For me it was easy. Early on I enjoyed the fact that every living thing becomes "recycled". Just like when animals die and decompose and become valuable fertilizer for the earth we will too. The circle of life fascinates me. I become fertilizer, a corn stalk grows (or anything else doesn't matter), someone else picks it, it later becomes food for a person or animal, that person or animal later dies and the cycle repeats. Now looking back I did good deeds not for the sake of doing them, but because I was afraid of hell. Now I do them because it's the right thing to do and often look back and think how childish my mindset and mindsets of many are/were. I feel much more appreciative and thankful now after doing something good then I ever did before.
The biggest thing that leads me to do what I do is to change the world. Not on a global scale but a personal, family scale. If my children one day will tell their kids stories about and or with me I will have accomplished my goal and 'built my pyramid'. Any generation after that is just a bonus.
I find it comforting, to be honest. The idea of eternal life seems more like torture than what it does a blessing. Think about it, you would still be alive after our sun has died out (destroying our planet), after all other stars in all the gallaxies have died out, even after all matter in the universe has been sucked into black holes. What would you do then? It would be (my own personal) hell.. and i'm sure the hell of many others.
I've turned my attention instead to the wonders of the universe and (as many have said) to the fortune that we have to actually be alive and be conscious of our existance, and not just driven by survival instincts like so many other animals. It truly is amazing.
I was eleven when I came to the conclusion that there is no afterlife. I was very depressed at first. Mostly, it was because I realized that my family members I thought were in heaven were actually long gone. I am now twenty-five and I am at peace with my realization. I don’t see how anyone would want to spend eternity in a heaven with the kind of god Christians describe. When I think about death now I think about returning to the earth and that doesn’t seem so bad. I can still see the beauty in life and I appreciate it that much more knowing that this life is the only one I get.
Hitchens compared Xian heaven to North Korea, where they spend all their time singing the praises of the great leader.
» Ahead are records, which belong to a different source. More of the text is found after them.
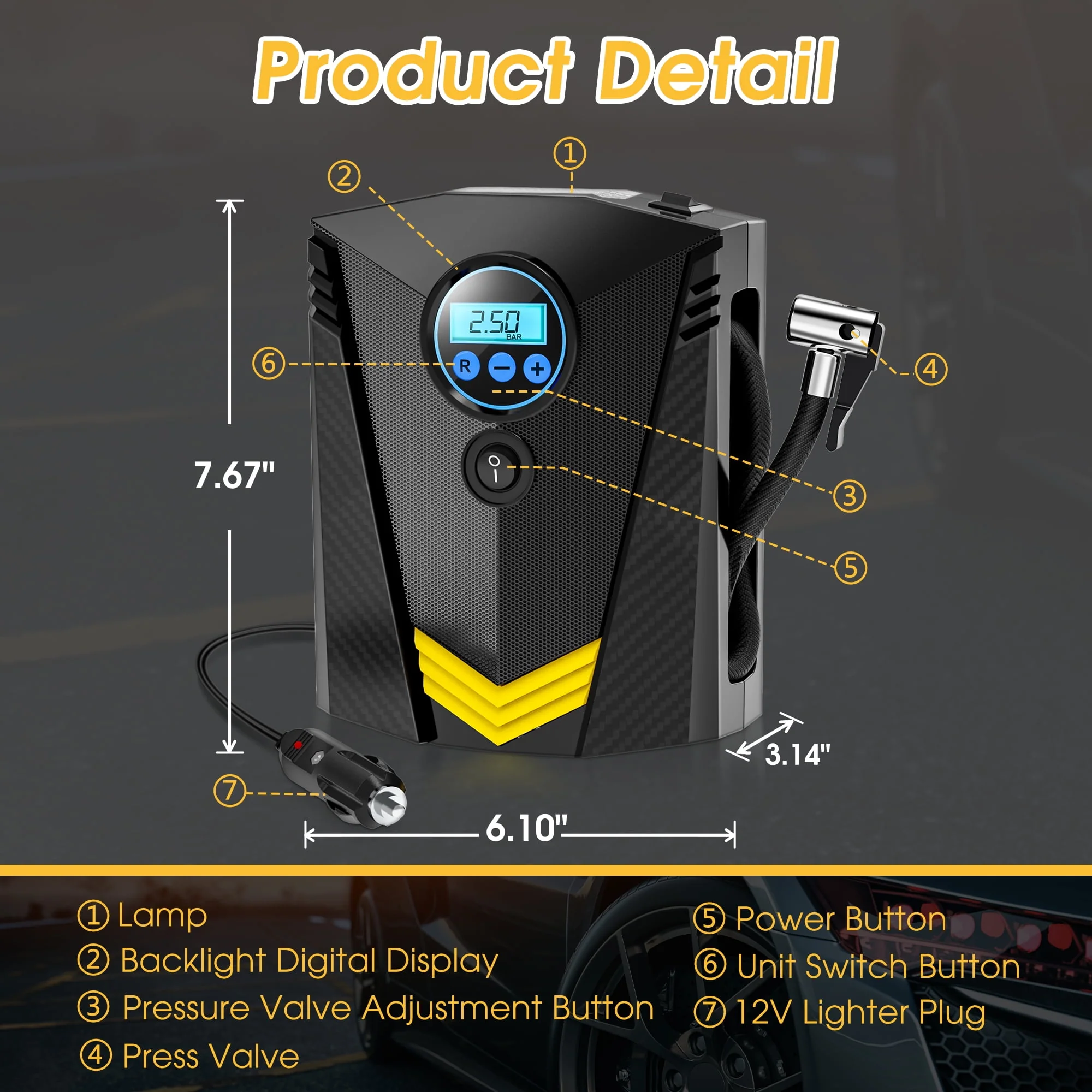 Hyper Tough DC 12V Digital Car Tire Inflator with Auto-off Function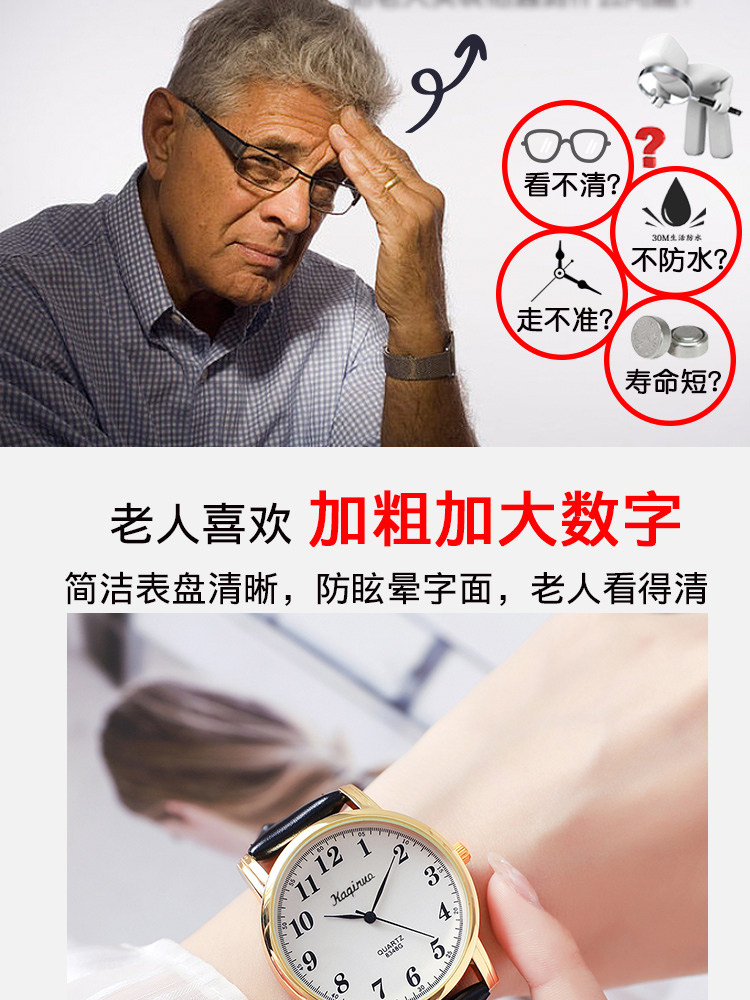 Elderly Men's Watch, Middle-Aged Women's Waterproof Watch, Parents' Watch, Large Number Scale, Leather Strap, Middle-Aged and Elderly Electronic Quartz Watch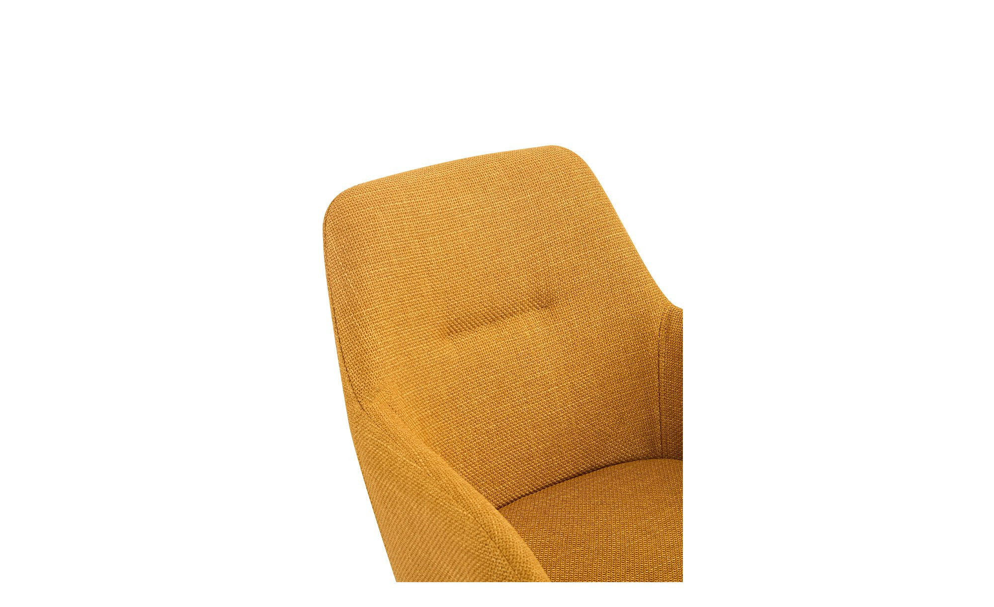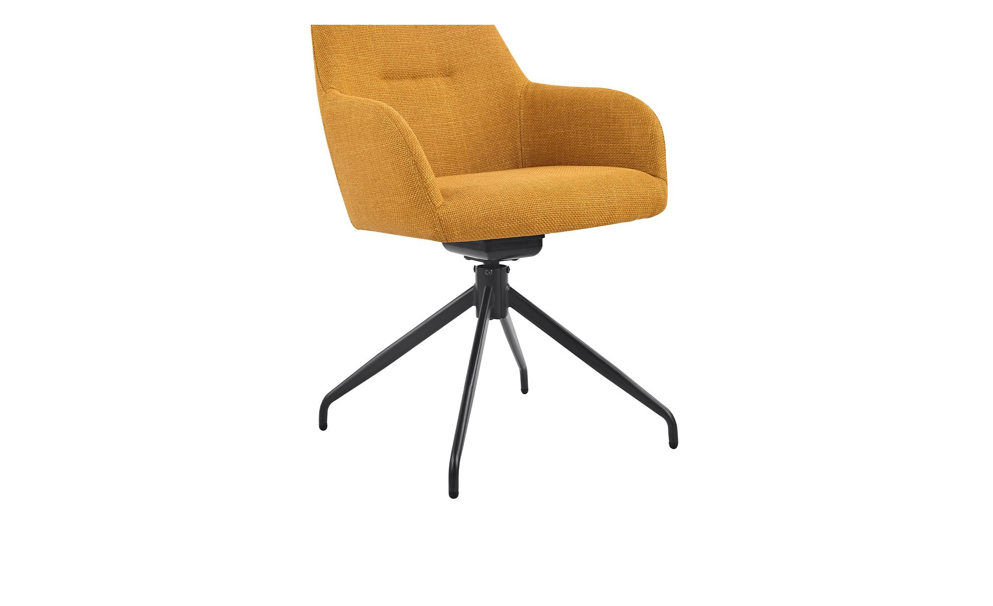 Der gelbe Mikrofaser-Webstoff aus 100 % Polyester verleiht dem Stuhl eine frische, einladende Optik. Das schwarze Metallgestell mit Pulverbeschichtung sorgt für Stabilität und setzt einen stilvollen Kontrast zum Bezug.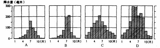 (1)四城市降水季节分配的共同特点是,在一年中,降水集中在 季,而 季降水最少。

Then he pointed out that at least in North Korea you can fucking die to get out of it.
i remember last year when i went to the beach, i was walking by and saw this pelican lying on the beach with a broken wing. it could not fly, obviously. and soon the crabs would eat him, or a cat, or other animal. but it didn't move or make any sound, it just stood there, oblivious to his surroundings. he had a kind of stoic look in his eyes; calm and patiently, he waited for something that surely was to come. i often think about that pelican, in my good and bad days. and the lesson he taught me.
I like this:
"To be a warrior a man has to be first of all, and rightfully so, keenly aware of his own death. But to be concerned with death would force any one of us to focus on the self and that would be debilitating. So the next thing one needs to be a warrior is detachment. The idea of imminent death instead of becoming an obsession, becomes an indifference."
- Don Jaun (from Carlos Castaneda's "The Teachings of Don Jaun")
Or as Shakespeare put it, "The coward dies a thousand times before his death, the valiant taste of death but once."